Note that for a given tree, \code{phylobase} always return the \code{tipLabels}
in the same order.

Print node numbers (in edge matrix order):
<<nodenumbergeodata>>=
nodeId(g1, type='all')
@

Does it have information on branch lengths?
<<hasbrlengeodata>>=
hasEdgeLength(g1)
@

It does! What do they look like?
<<edgeLength-geodata>>=
edgeLength(g1)
@

Note that the root has \verb+<NA>+ as its length.

Print edge labels (also empty in this case --- therefore all \code{NA}):

<<edgelabelgeodata>>=
edgeLabels(g1)
@

You can also use this function to label specific edges:
<<edgelabel-assign-geodata>>=
edgeLabels(g1)["23-24"] <- "an edge"
edgeLabels(g1)
@

The edge labels are named according to the nodes they connect
(ancestor-descendant).
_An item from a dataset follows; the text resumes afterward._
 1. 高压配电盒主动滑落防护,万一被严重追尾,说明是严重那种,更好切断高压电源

You can get the edge(s) associated with a particular
node:

<<getEdge-geodata>>=
getEdge(g1, 24) # default uses descendant node
getEdge(g1, 24, type="ancestor") # edges using ancestor node
@

These results can in turn be passed to the function \code{edgeLength} to
retrieve the length of a given set of edges:

<<getEdge-edgeLength>>=
edgeLength(g1)[getEdge(g1, 24)]
edgeLength(g1)[getEdge(g1, 24, "ancestor")]
@

Is it rooted?

<<rootedgeodata>>=
isRooted(g1)
@

Which node is the root?
<<rootnodegeodata>>=
rootNode(g1)
@

Does it contain any polytomies?
<<polygeodata>>=
hasPoly(g1)
@

Is the tree ultrametric?
<<ultrametric-geodata>>=
isUltrametric(g1)
@

You can also get the depth (distance from the root) of any given node or the
tips:
<<nodeDepth-geodata>>=
nodeDepth(g1, 23)
depthTips(g1)
@

\section{Trees with data}

The \code{phylo4d} class matches trees with data, or combines them with a data
frame to make a \code{phylo4d} (tree-with-data) object.
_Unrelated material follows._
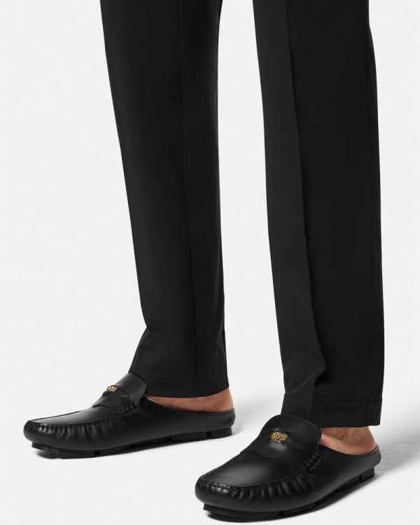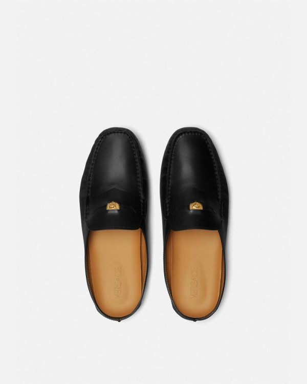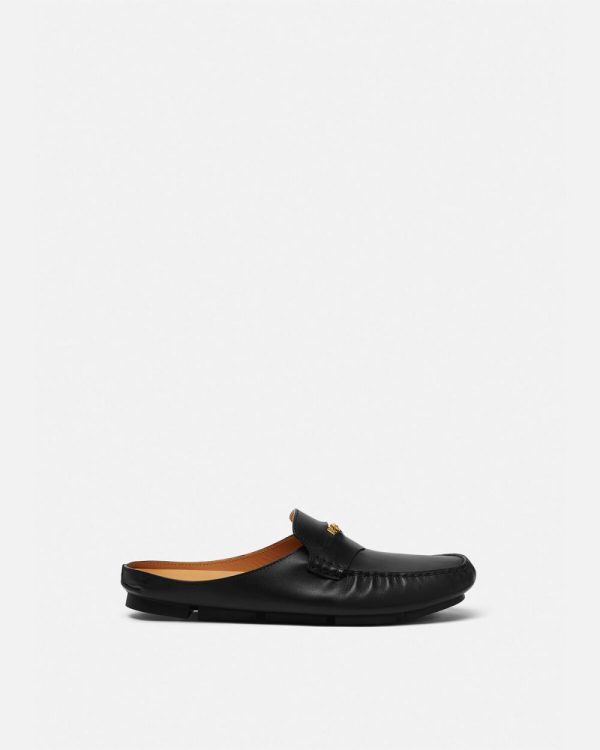 Leather driving shoes with an open back featuring a Medusa Biggie hardware at the penny strap.

Now we'll take the \emph{Geospiza} data from \verb+geospiza_raw$data+ and merge
it with the tree. First, let's prepare the data:

<<dataprep>>=
g1 <- as(geospiza_raw$tree, "phylo4")
geodata <- geospiza_raw$data
@


However, since \emph{G. olivacea} is included in the tree but
not in the data set, we will initially run into some trouble:

<<geomergedata, error=TRUE, purl=FALSE>>=
g2 <- phylo4d(g1, geodata)
@

<<echo=FALSE, results='hide'>>=
geodata <- geospiza_raw$data
@

To deal with \emph{G. olivacea} missing from the data, we have a few
choices. The easiest is to use \code{missing.data="warn"} to allow \code{R} to
create the new object with a warning (you can also use \code{missing.data="OK"}
to proceed without warnings):

<<geomerge2, tidy=FALSE, warning=TRUE, purl=FALSE>>=
g2 <- phylo4d(g1, geodata, missing.data="warn")
@

<<echo=FALSE, results='hide'>>=
g2 <- phylo4d(g1, geodata, missing.data="OK", extra.data="OK")
@

Another way to deal with this would be to use \code{prune()} to drop the
offending tip from the tree first:

<<geomerge3, results='hide'>>=
g1sub <- prune(g1, "olivacea")
g1B <- phylo4d(g1sub, geodata)
@

The difference between the two objects is that the species \emph{G. olivacea} is
still present in the tree but has no data (i.e., \verb+NA+) associated with
it. In the other case, \textit{G. olivacea} is not included in the tree
anymore. The approach you choose depends on the goal of your analysis.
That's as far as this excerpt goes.